Text messaging has become an increasingly important tool to communicate and connect with patients.
Whether it is to provide a GP’s endorsement or to remind people of an upcoming appointment, texts are a versatile and low-cost way of helping people to navigate screening.
Text messages have also been shown to help break down barriers – in some circumstances they have helped increase screening attendance rates by as much as 5%.
Challenges for screening
Screening, however, can present unique challenges when it comes to text messages.
Unlike outpatient or GP appointments, where a patient may be expecting to be contacted, people may not necessarily have had any experience with screening services sending them messages.
In addition, programmes must send messages to thousands of people, each with differing communication, health, and accessibility needs.
Making these messages universally acceptable and non-coercive is crucial, but can be difficult.
Establishing the principles
In September 2020 PHE published its national guidance, Screening text message principles, to help support screening services.

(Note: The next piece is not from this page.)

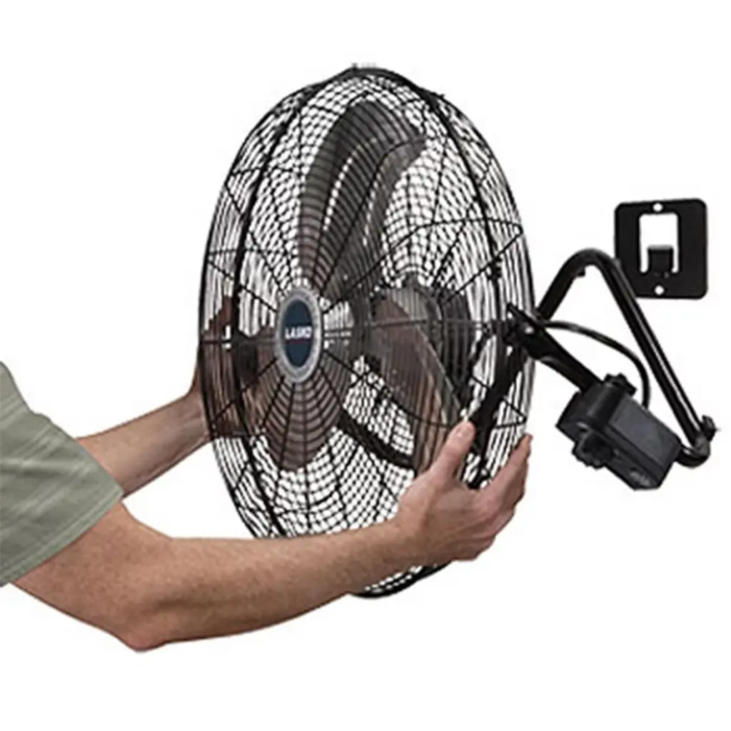Lasko's maxiumum performance 20-inch high velocity floor or wallmount fan converts easily from floor to wall use with the quickmount ststem. This industrial grade fan with tubular steel construction features metal blades to deliver maximum air movement with three powerful speeds. This fan can also pivot to direct air flow. Features: QuickMount wall-mount system Converts easily from wall to floor use Three powerful speeds Pivot action directs air flow Front-mounted controls for added convenience

This work used the available evidence to provide initial recommendations on how screening services could implement text messaging. The original principles focused on 5 main areas: content, timing, security and governance, evaluation and delivery.
Taking things forward
However, mobile technology and messaging continues to evolve. Therefore, the Institute of Global Health Innovation at Imperial College London and Public Health England (PHE) Screening looked to:
- validate some of these initial recommendations about screening text messages
- broaden their scope to set directions for the future
There were a lot of things to consider when we embarked upon the next stage of research into text messaging in screening. For example, the fact that each local screening service will have its own needs and specifications.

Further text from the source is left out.